Work order - The records underneath are to be repeated exactly, with the pictures left out.

(Stored items)
*** Begin section ***

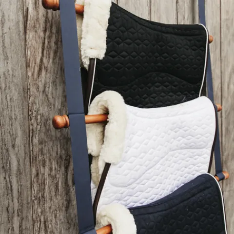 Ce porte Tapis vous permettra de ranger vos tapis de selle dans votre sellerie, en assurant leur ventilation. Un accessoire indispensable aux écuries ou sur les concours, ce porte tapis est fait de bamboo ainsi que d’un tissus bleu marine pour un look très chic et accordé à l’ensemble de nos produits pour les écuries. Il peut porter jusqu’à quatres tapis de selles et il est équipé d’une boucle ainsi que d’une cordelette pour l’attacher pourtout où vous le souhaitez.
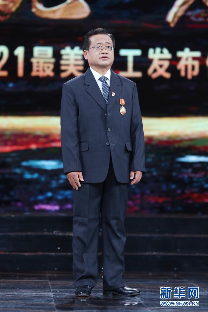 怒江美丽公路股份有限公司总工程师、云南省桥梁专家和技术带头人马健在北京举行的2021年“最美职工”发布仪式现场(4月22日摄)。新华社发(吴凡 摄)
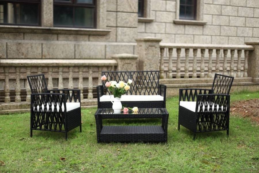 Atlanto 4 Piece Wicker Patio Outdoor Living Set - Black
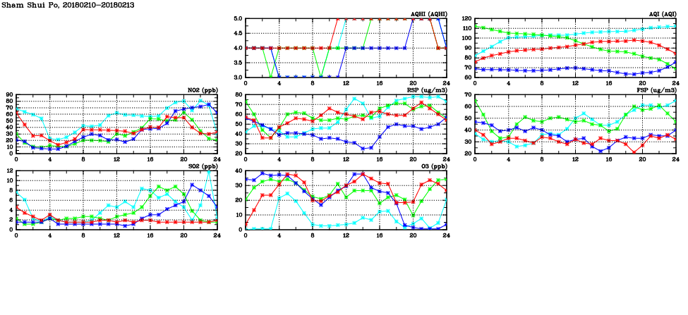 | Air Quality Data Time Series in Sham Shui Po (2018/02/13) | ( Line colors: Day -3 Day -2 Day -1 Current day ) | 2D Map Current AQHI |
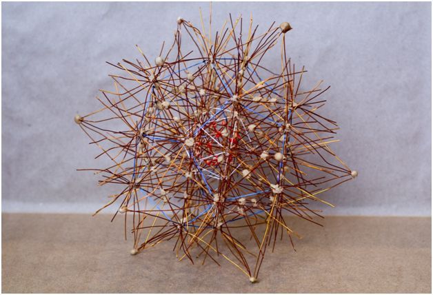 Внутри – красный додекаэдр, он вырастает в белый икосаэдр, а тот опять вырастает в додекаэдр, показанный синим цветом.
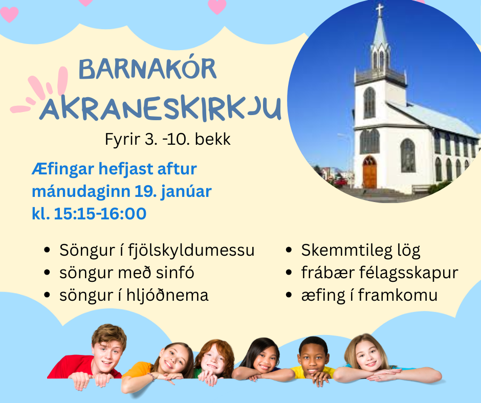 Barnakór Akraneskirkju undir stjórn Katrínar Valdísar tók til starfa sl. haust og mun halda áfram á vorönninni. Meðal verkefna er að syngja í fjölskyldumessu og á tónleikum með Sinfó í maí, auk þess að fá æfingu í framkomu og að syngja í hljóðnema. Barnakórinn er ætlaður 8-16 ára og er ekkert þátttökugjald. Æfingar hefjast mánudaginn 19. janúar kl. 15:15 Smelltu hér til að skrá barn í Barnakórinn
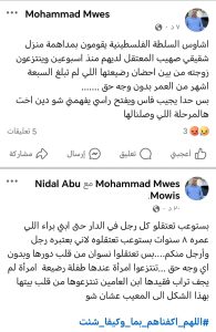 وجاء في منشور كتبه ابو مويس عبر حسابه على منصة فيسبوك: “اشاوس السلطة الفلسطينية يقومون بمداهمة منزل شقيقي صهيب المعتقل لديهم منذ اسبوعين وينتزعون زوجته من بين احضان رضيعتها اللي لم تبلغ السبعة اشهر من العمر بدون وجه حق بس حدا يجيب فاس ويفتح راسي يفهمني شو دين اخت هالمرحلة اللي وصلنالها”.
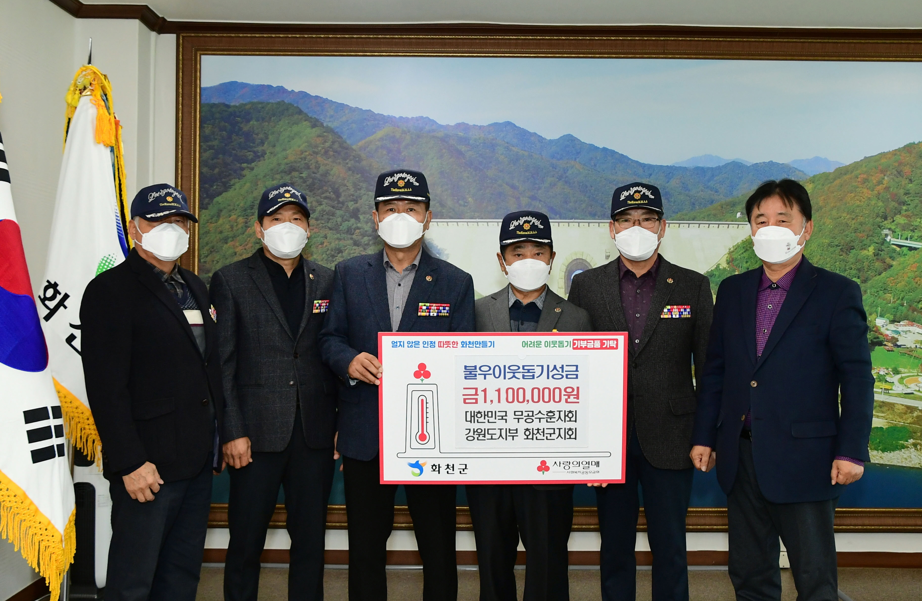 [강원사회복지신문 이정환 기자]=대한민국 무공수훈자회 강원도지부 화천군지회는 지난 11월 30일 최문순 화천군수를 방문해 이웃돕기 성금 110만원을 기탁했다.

*** End section ***

Reply -
 Ce porte Tapis vous permettra de ranger vos tapis de selle dans votre sellerie, en assurant leur ventilation. Un accessoire indispensable aux écuries ou sur les concours, ce porte tapis est fait de bamboo ainsi que d’un tissus bleu marine pour un look très chic et accordé à l’ensemble de nos produits pour les écuries. Il peut porter jusqu’à quatres tapis de selles et il est équipé d’une boucle ainsi que d’une cordelette pour l’attacher pourtout où vous le souhaitez.
 怒江美丽公路股份有限公司总工程师、云南省桥梁专家和技术带头人马健在北京举行的2021年“最美职工”发布仪式现场(4月22日摄)。新华社发(吴凡 摄)
 Atlanto 4 Piece Wicker Patio Outdoor Living Set - Black
 | Air Quality Data Time Series in Sham Shui Po (2018/02/13) | ( Line colors: Day -3 Day -2 Day -1 Current day ) | 2D Map Current AQHI |
 Внутри – красный додекаэдр, он вырастает в белый икосаэдр, а тот опять вырастает в додекаэдр, показанный синим цветом.
 Barnakór Akraneskirkju undir stjórn Katrínar Valdísar tók til starfa sl. haust og mun halda áfram á vorönninni. Meðal verkefna er að syngja í fjölskyldumessu og á tónleikum með Sinfó í maí, auk þess að fá æfingu í framkomu og að syngja í hljóðnema. Barnakórinn er ætlaður 8-16 ára og er ekkert þátttökugjald. Æfingar hefjast mánudaginn 19. janúar kl. 15:15 Smelltu hér til að skrá barn í Barnakórinn
 وجاء في منشور كتبه ابو مويس عبر حسابه على منصة فيسبوك: “اشاوس السلطة الفلسطينية يقومون بمداهمة منزل شقيقي صهيب المعتقل لديهم منذ اسبوعين وينتزعون زوجته من بين احضان رضيعتها اللي لم تبلغ السبعة اشهر من العمر بدون وجه حق بس حدا يجيب فاس ويفتح راسي يفهمني شو دين اخت هالمرحلة اللي وصلنالها”.
 [강원사회복지신문 이정환 기자]=대한민국 무공수훈자회 강원도지부 화천군지회는 지난 11월 30일 최문순 화천군수를 방문해 이웃돕기 성금 110만원을 기탁했다.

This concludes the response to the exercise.